(Beginning of DATA IN THIS EXERCISE)

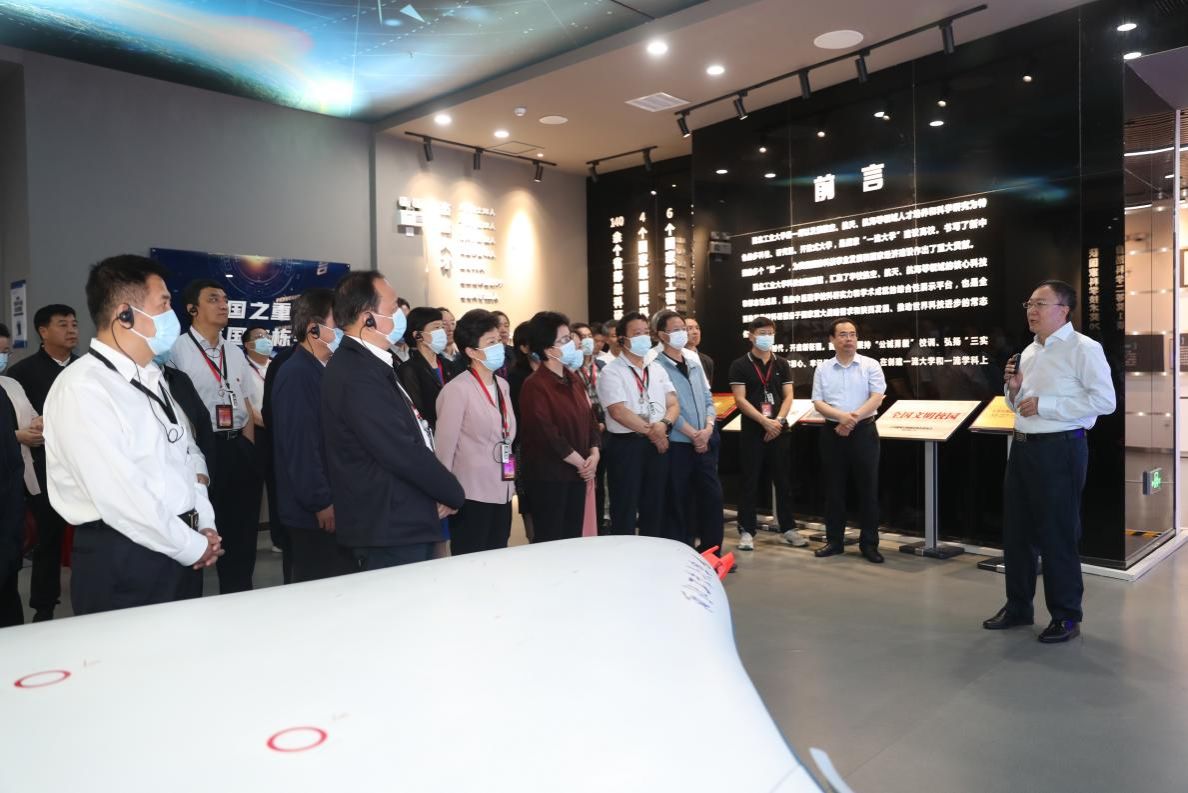 西工大新闻网6月20日电(文字 赵珍 摄影 司哲)6月19日,中国延安干部学院省部级干部弘扬延安精神、牢记“三个务必”专题培训班一行35人来万象城科技创新展馆开展现场研学活动。
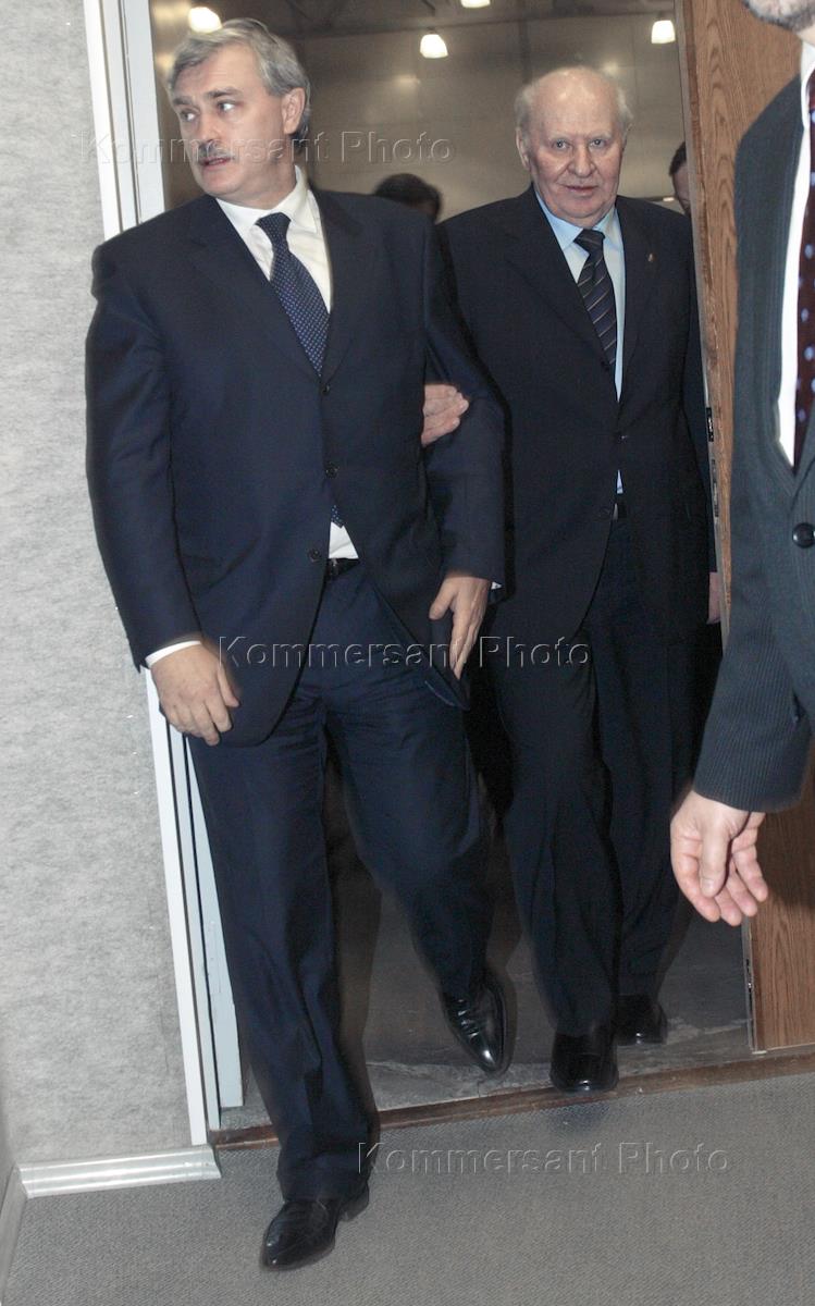 Полномочный представитель Президента России в Центральном федеральном округе (ЦФО) Георгий Полтавченко (слева) и губернатор Орловской области Егор Строев (справа) на итоговом годовом заседании совета при полномочном представителе Президента России в Центральном федеральном округе. Заседание совета прошло в выставочном комплексе "Крокус-Экспо".
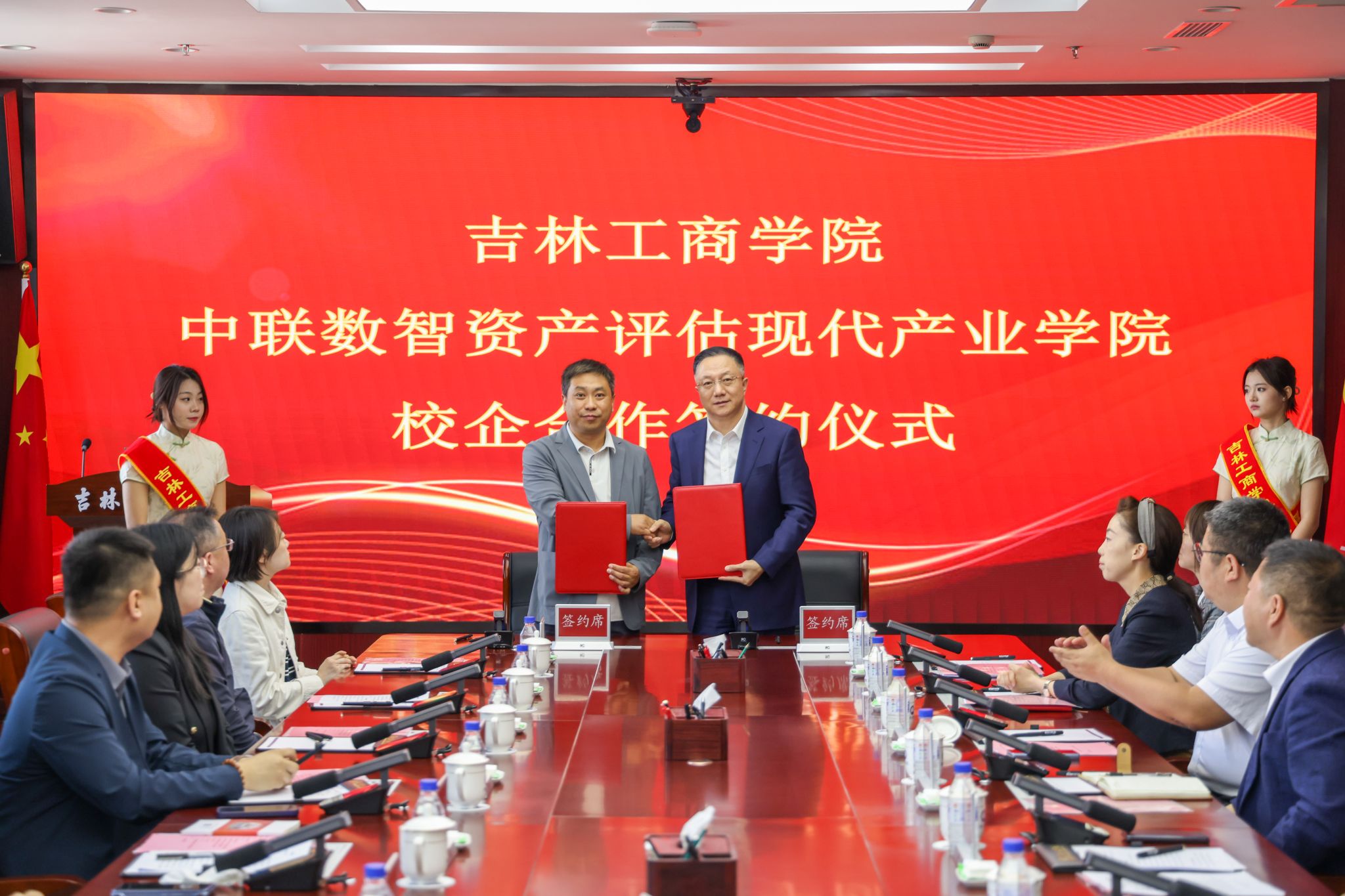 徐文与艾平签署了《吉林工商学院中联数智现代产业学院校企合作协议》。
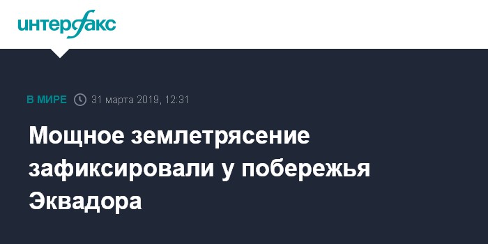 Москва. 31 марта. INTERFAX.RU - Землетрясение магнитудой 6,2 зафиксировала в воскресенье у побережья Эквадора геологическая служба США.
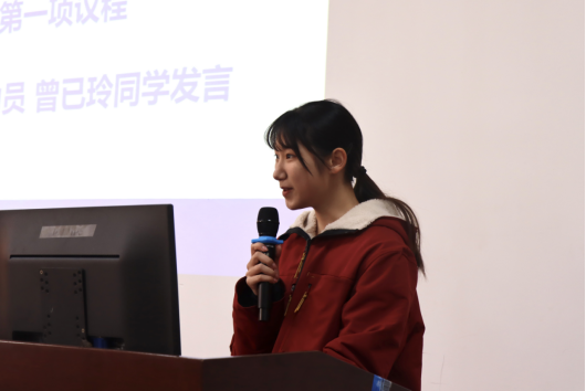 大会首先由优秀运动员代表曾已玲发言。她回顾了大学四年参与大运会的成长历程,从初入赛场时的紧张局促到如今的从容自信,这一转变既源于个人的坚持训练,也离不开学院体育团队的团结协作。她代表全体运动员向为大运会辛勤付出的老师与工作人员致以诚挚感谢,并号召同学们积极参与体育锻炼,在核科学道路上跑出青春“加速度”。
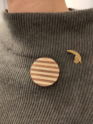 ころんとしたフォルムの可愛い木のキルトピン。

(End of DATA IN THIS EXERCISE)

The answer should be an exact restatement of every entry, with the pictures omitted.

▶ [FINISHED EXERCISE]:
 西工大新闻网6月20日电(文字 赵珍 摄影 司哲)6月19日,中国延安干部学院省部级干部弘扬延安精神、牢记“三个务必”专题培训班一行35人来万象城科技创新展馆开展现场研学活动。
 Полномочный представитель Президента России в Центральном федеральном округе (ЦФО) Георгий Полтавченко (слева) и губернатор Орловской области Егор Строев (справа) на итоговом годовом заседании совета при полномочном представителе Президента России в Центральном федеральном округе. Заседание совета прошло в выставочном комплексе "Крокус-Экспо".
 徐文与艾平签署了《吉林工商学院中联数智现代产业学院校企合作协议》。
 Москва. 31 марта. INTERFAX.RU - Землетрясение магнитудой 6,2 зафиксировала в воскресенье у побережья Эквадора геологическая служба США.
 大会首先由优秀运动员代表曾已玲发言。她回顾了大学四年参与大运会的成长历程,从初入赛场时的紧张局促到如今的从容自信,这一转变既源于个人的坚持训练,也离不开学院体育团队的团结协作。她代表全体运动员向为大运会辛勤付出的老师与工作人员致以诚挚感谢,并号召同学们积极参与体育锻炼,在核科学道路上跑出青春“加速度”。
 ころんとしたフォルムの可愛い木のキルトピン。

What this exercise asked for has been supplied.